▶ Work to be completed: Set down exactly each line of the entries below, beginning at the one that contains "书包款式新颖可爱,粉色的也好" and ending at the last, and no others.

▶ Supplied data:

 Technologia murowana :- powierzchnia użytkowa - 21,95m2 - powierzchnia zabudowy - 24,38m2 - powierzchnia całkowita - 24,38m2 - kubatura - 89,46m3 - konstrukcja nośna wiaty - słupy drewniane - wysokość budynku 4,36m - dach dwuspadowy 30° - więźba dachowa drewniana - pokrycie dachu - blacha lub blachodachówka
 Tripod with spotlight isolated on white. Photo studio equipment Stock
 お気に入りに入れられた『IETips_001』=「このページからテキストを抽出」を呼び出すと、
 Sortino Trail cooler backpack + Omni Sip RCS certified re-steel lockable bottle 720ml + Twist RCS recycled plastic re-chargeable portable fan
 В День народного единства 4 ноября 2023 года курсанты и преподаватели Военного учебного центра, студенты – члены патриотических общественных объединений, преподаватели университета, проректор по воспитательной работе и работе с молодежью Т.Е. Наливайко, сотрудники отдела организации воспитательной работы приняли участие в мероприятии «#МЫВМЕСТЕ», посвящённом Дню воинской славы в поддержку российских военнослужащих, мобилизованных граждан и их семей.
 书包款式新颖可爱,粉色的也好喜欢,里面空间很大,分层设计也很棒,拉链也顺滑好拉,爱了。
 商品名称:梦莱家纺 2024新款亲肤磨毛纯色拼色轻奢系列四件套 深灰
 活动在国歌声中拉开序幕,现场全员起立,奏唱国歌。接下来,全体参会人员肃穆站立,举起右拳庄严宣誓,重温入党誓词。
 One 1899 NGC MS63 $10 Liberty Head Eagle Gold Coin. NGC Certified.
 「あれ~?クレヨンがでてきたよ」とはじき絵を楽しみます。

▶ Reply to the task:
 书包款式新颖可爱,粉色的也好喜欢,里面空间很大,分层设计也很棒,拉链也顺滑好拉,爱了。
 商品名称:梦莱家纺 2024新款亲肤磨毛纯色拼色轻奢系列四件套 深灰
 活动在国歌声中拉开序幕,现场全员起立,奏唱国歌。接下来,全体参会人员肃穆站立,举起右拳庄严宣誓,重温入党誓词。
 One 1899 NGC MS63 $10 Liberty Head Eagle Gold Coin. NGC Certified.
 「あれ~?クレヨンがでてきたよ」とはじき絵を楽しみます。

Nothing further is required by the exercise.